The view from my window influences everything I write. Heck, it influences everything I think and do. I’m a Montana girl, born and raised, and while I enjoyed my years in Seattle, no place has ever felt as solid–as grounded, as chez moi, as terra firma–as my home in Montana. (And no, I will not now sing the state anthem. I could. But you’d rather I didn’t. Plus I’m not wearing a bandanna and I don’t have a pony.)
Some days, it’s black and white–or more precisely, shades of gray–little marks on my computer screen. Other days, it looks like a cat. Or a turkey.
Would I be less conscious of setting if I hadn’t grown up in a place where the land is so stunning–and so demanding? How is a character’s view affected by where she lives, whether she’s a newcomer or an old-timer, how often she’s packed up everything she owns and moved thousands of miles, or whether she lives in the home her grandparents built, with the family china still in the old oak hutch? I think about these things and I write in part to find the answers.

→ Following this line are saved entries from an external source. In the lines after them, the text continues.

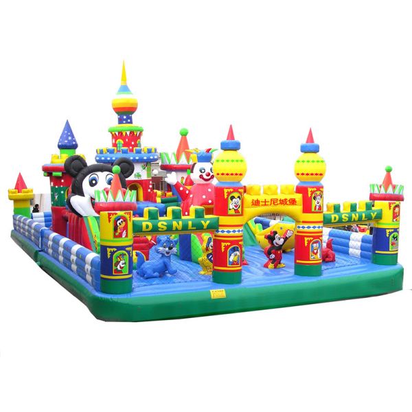 This is a giant bouncy mattress for a bunch of kids to jump and romp around together. Kids will be cheerful to see so many playful elements, such as the crawling tunnel, several small slides, a higher platform to climb on, and don’t forget the mickey mouse pop ups and the giant blow up Chinese dragon and octopus.
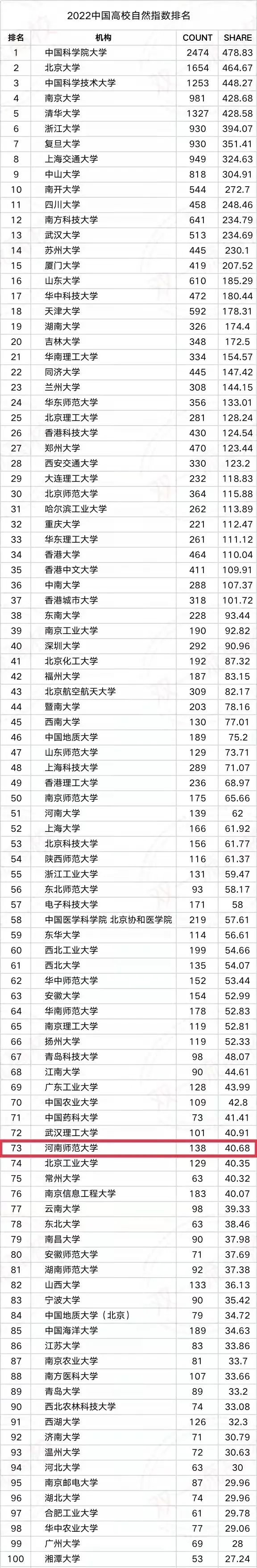 2022年2月7日,Nature Index公布了2020年11月1日-2021年10月31日全球自然指数学术机构排名。我校连续进入全球自然指数中国高校百强榜单,位居全球高校第316位、中国高校第73位、全国地方师范大学第4位、河南省高校第3位。全省共有郑州大学、河南大学、河南师范大学3所高校进入中国高校前100强。
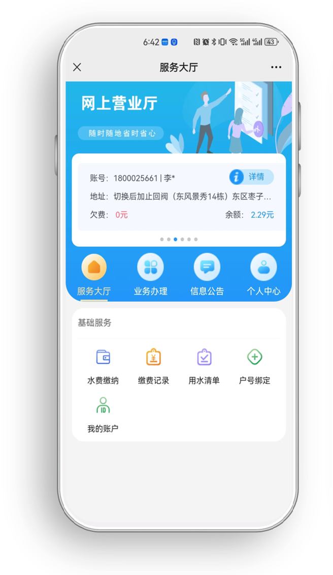 按照提示步驟,綁定用水開戶賬號(hào)后,就能輕松便捷使用“微網(wǎng)廳”各項(xiàng)服務(wù)功能。用水開戶賬號(hào)可查閱供水合同、服務(wù)短信或致電供水服務(wù)片區(qū)營(yíng)業(yè)服務(wù)熱線進(jìn)行查詢。

Happily, I can write about places that bear little resemblance to home. “What would it be like to live there?” I wonder, and so I write to discover. One of my first published short stories, “The End of the Line,” takes place in the stone towers of the Mani Peninsula in Greece, which we visited years ago on our honeymoon. And I’m busy working on Spiced to Death, the first in my Seattle Spice Shop Mysteries. In my view, both insiders and outsiders see things the other doesn’t see–and our work is better if we occasionally step off home ground and take a look around.